"Ох, ты меня пугаешь", говорит она серьезно, внезапно поразившись моей непостижимой для самого себя манере разговаривать с женщинами, моему взгляду, бровям, моему крупно очерченному сердитому костистому лицу с безумным блеском в глазах - Она действительно побаивается - я чувствую это Я и сам часто пугаюсь своего отражения в зеркале - Но для такой вот нежной милашки смотреть в мое зеркало всех-этих-горестей... хуже и не придумаешь!
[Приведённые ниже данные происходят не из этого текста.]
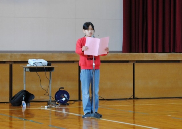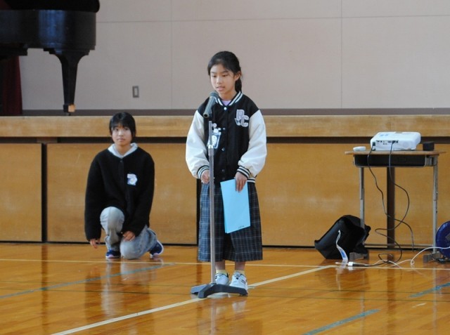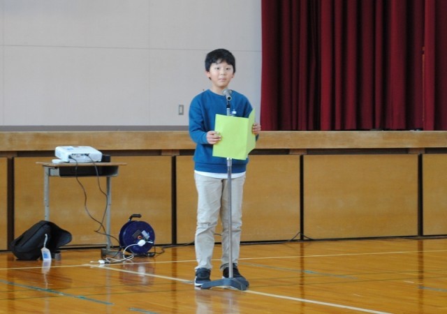 各学年の代表者が2学期にがんばったことや、成果を発表しました。

Она говорит со Сливом, он не пугает ее, он милый, грустный и серьезный, и она стоит рядом с ним, а я смотрю на нее, маленькое худощавое тело, еще не вполне оформившееся, и низкий тембр ее голоса, ее обаяние, ее от природы грациозная походка от которой веет Старым Светом, такая неуместная в Подвале - Она бы смотрелась на коктейль-вечеринке у Кэтрин Портер - Или в Венеции или Флоренции, перебрасываясь всякими там словечками об искусстве с Трумэном Капоте, Гором Видалом и Комптоном Бертоном - или в готорновских романах Мне она действительно очень нравится, и я подхожу к ним и разговариваю еще немного
Внезапно бамм бамм джаза врывается в мое сознание и я забываю обо всем и закрываю глаза вслушиваясь в развитие темы - мне хочется закричать "Сыграйте "Какой я глупец!" это было бы так классно - Но сейчас они ушли в другой джем - так у них поперло - басы держат ритм, соло на пианино, и так далее
"А как позвонить Ирвину?" спрашиваю я ее - И тут вспоминаю что у меня есть телефон Рафаэля (который мне дала милашка Соня в книжной лавке) проскальзываю в телефонную будку с десятицентовиком в руках и набираю номер, всегда так в джазовых местечках, однажды в нью-йоркском "Бердленде" я забрался в телефонную будку и там в относительной тишине вдруг услышал Стена Гетца, который в туалете неподалеку негромко подыгрывал на саксофоне игравшей снаружи группе Ленни Тристано, и тогда-то я и понял что он может все - ("Забудьте о Уорне Марше!" говорила его музыка) - Я звоню Рафаэлю и он отвечает "Да?"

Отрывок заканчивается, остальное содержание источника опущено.